Pavel Valerievich Priluchny (Павел Вале́рьевич Прилучный; born 5 November 1987) is a Kazakhstani-born Russian actor of theater and cinema, TV host, best known for his roles in the television series Silver Spoon and The Life and Adventures of Mishka Yaponchik.

==Biography==
===Early years and education===
Pavel Priluchny was born in Chimkent, Chimkent Oblast, Kazakh SSR, Soviet Union (now Kazakhstan). His mother was a choreographer and his father a boxing trainer. Pavel spent his childhood and teenage years doing choreography and boxing. He studied at a theater school in Novosibirsk, and performed at the youth theater "Globus".

Pavel moved to Moldova when he was seventeen.

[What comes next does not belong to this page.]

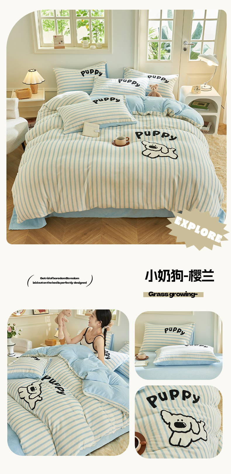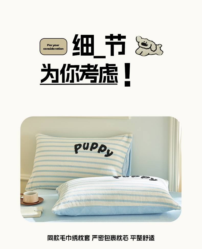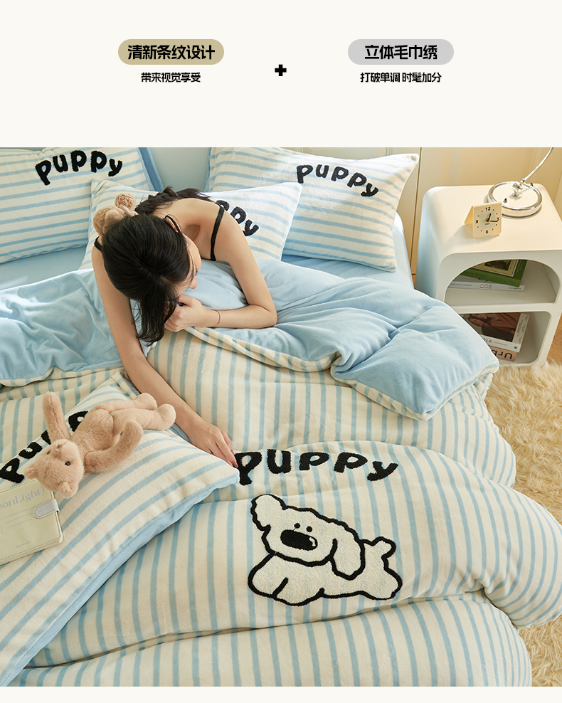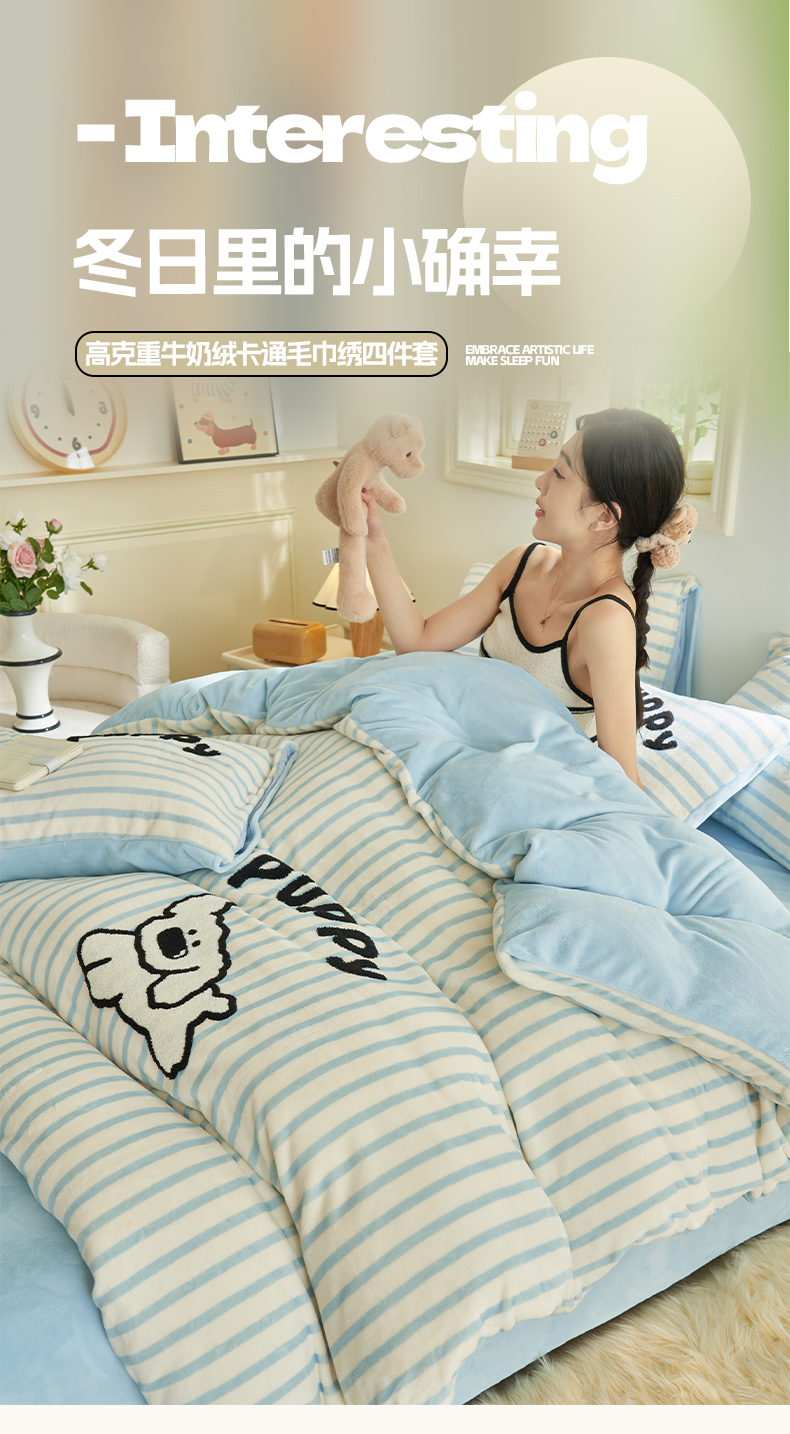 当前位置: 91家纺网 > 商品网购 > 床品套件 > 四件套 > 牛奶绒四件套 > 晨曦家纺 2024新款卡通毛巾绣牛奶绒卡通四件套 小奶狗-樱兰

He entered the Russian Academy of Theatre Arts, but because of a mistake in the paperwork, his name was not on the list of the candidates. Instead of waiting for the mix-up to be corrected, he decided to enter the Moscow Art Theater School (course of Konstantin Raikin. He studied there for only two years. Priluchny later finished his education in 2010 at GITIS (course of Sergei Golomazov).

Immediately after graduation, he was accepted into the troupe of the Moscow Drama Theater in Malaya Bronnaya. Then he worked at the Moscow Pushkin Drama Theatre and at the Bulgakov Theater (Bulgakov House).

===Career===
He received his first recognition after the release of the action movie directed by Pavel Sanayev Hooked on the Game (2009), where he played the role of "Doc". In early 2010, starred in the sequel "Hooked on the Game 2. A New Level."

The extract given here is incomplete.